Information supplied:
===============
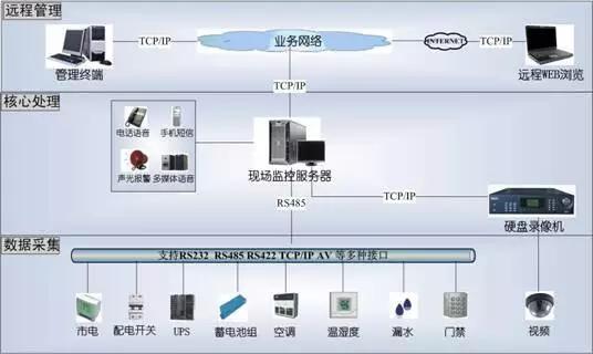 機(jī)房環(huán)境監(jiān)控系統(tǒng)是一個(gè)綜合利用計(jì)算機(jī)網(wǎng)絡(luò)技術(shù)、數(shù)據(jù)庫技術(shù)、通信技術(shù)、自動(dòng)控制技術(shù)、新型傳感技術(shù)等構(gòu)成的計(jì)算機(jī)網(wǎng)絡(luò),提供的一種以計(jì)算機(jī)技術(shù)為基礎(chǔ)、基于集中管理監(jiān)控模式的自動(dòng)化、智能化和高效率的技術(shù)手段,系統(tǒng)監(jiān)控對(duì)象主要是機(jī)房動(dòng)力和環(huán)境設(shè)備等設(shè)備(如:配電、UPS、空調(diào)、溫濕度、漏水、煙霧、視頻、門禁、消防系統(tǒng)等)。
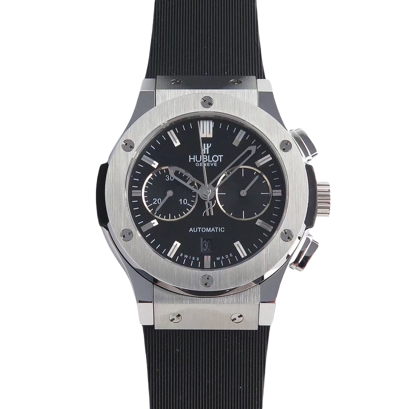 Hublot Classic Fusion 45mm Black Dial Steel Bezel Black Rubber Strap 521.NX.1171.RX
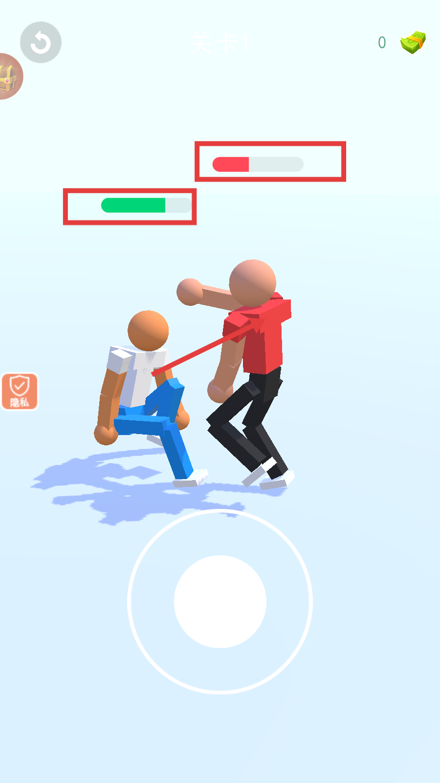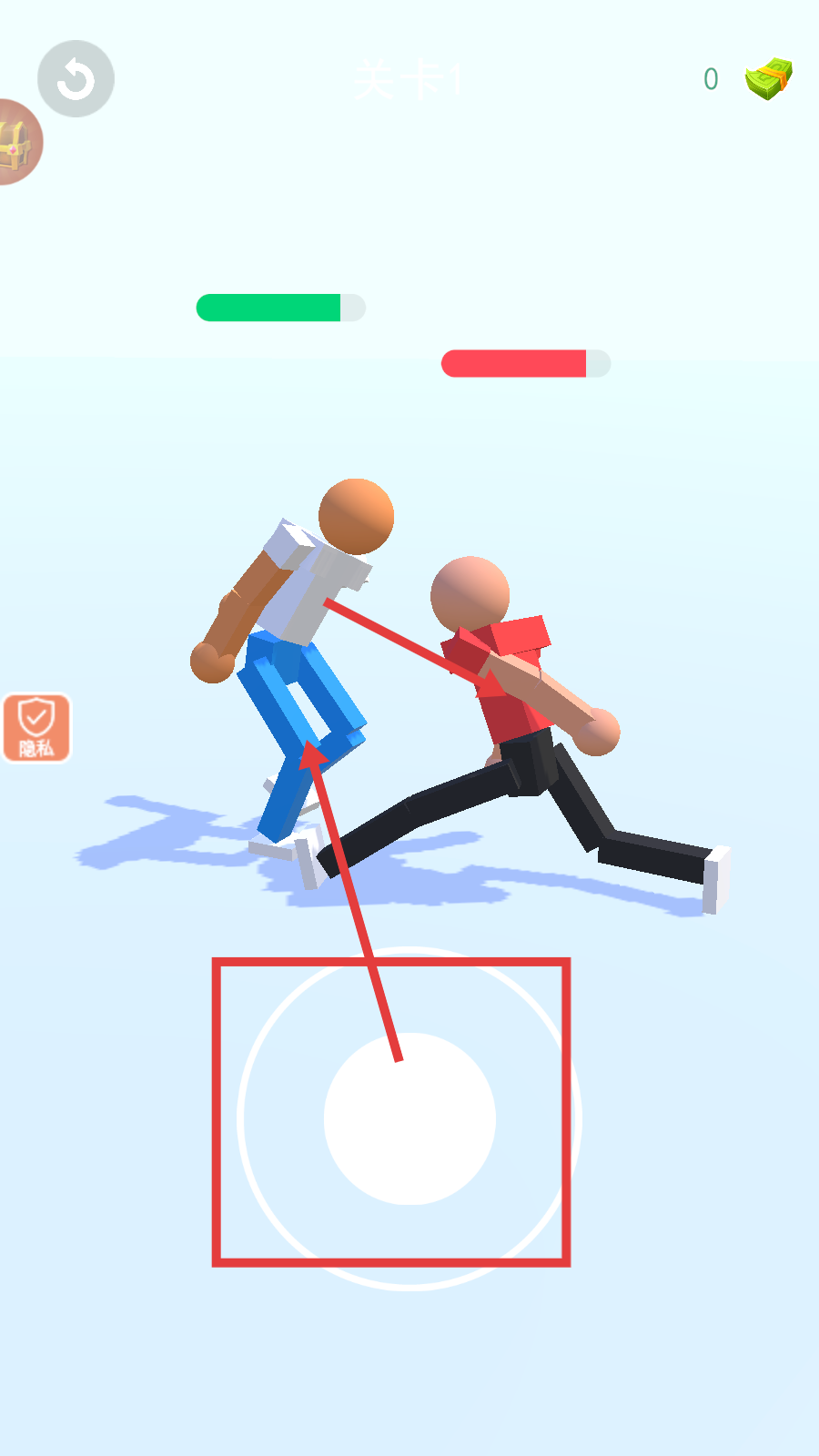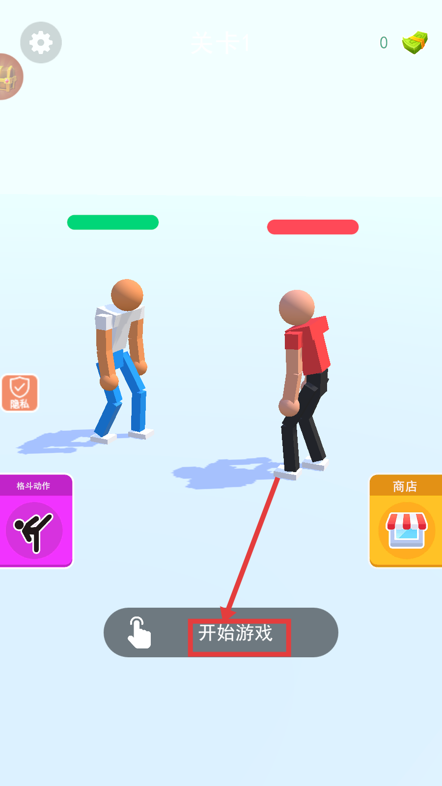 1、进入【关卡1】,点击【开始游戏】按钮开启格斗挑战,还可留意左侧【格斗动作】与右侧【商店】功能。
===============
Work to complete:
Leave out the pictures and output the rest of the material exactly as written.

Completed exercise:
 機(jī)房環(huán)境監(jiān)控系統(tǒng)是一個(gè)綜合利用計(jì)算機(jī)網(wǎng)絡(luò)技術(shù)、數(shù)據(jù)庫技術(shù)、通信技術(shù)、自動(dòng)控制技術(shù)、新型傳感技術(shù)等構(gòu)成的計(jì)算機(jī)網(wǎng)絡(luò),提供的一種以計(jì)算機(jī)技術(shù)為基礎(chǔ)、基于集中管理監(jiān)控模式的自動(dòng)化、智能化和高效率的技術(shù)手段,系統(tǒng)監(jiān)控對(duì)象主要是機(jī)房動(dòng)力和環(huán)境設(shè)備等設(shè)備(如:配電、UPS、空調(diào)、溫濕度、漏水、煙霧、視頻、門禁、消防系統(tǒng)等)。
 Hublot Classic Fusion 45mm Black Dial Steel Bezel Black Rubber Strap 521.NX.1171.RX
 1、进入【关卡1】,点击【开始游戏】按钮开启格斗挑战,还可留意左侧【格斗动作】与右侧【商店】功能。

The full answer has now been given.